Examples of a state or local government formally granting a hospital power usually reserved to a government entity (e.g., power to tax, issue government bonds, act on behalf of the government, etc.) can be accomplished through state or local statute or regulation, an express contract for such delegation by state or local government, creation of a public corporation, or development of a hospital authority or district to provide community healthcare on behalf of the government. Such grants will be dependent on individual state laws and constitutional provisions, and documentation of the grant must be submitted as evidence to HRSA. HRSA notes, however, that the granting of a state license to practice medicine or provide healthcare services does not by itself constitute a governmental grant of power. HRSA requires hospitals entering into a contract with government to provide indigent care to certify to the existence of such a contract, and may require a copy of the actual contract, signed by an appropriate governmental official.

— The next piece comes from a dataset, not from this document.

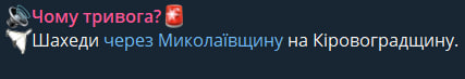 Оновлено 22:50. Безпілотники типу Shahed рухаються через Миколаївську область до Кіровоградської області.

Reminders for Covered Entities

While the 340B program offers substantial financial savings on certain outpatient drugs, the heightened enforcement efforts of all government agencies, including the HRSA, mean that participants must continue to ensure strict compliance with program requirements, as failure to do so can expose a covered entity not just to 340B program exclusion, but to possible investigations by and sanctions from the OIG or the DOJ.

Covered entities need to also remember that the government will hold them responsible for any violations of 340B program rules, even if the violation occurs because of the action of an affiliated contract pharmacy or other vendor facilitating the covered entity’s participation.

While the recent notices released by HRSA have not dealt explicitly with the definitions of patients and individual providers allowed to receive and prescribe, respectively, 340B-covered drugs, HRSA has suggested that future rule-making or administrative publications will focus on these issues, as provider audits and other government research has shown non-compliance in these areas. Covered entities should continue to be vigilant in ensuring compliance in these areas.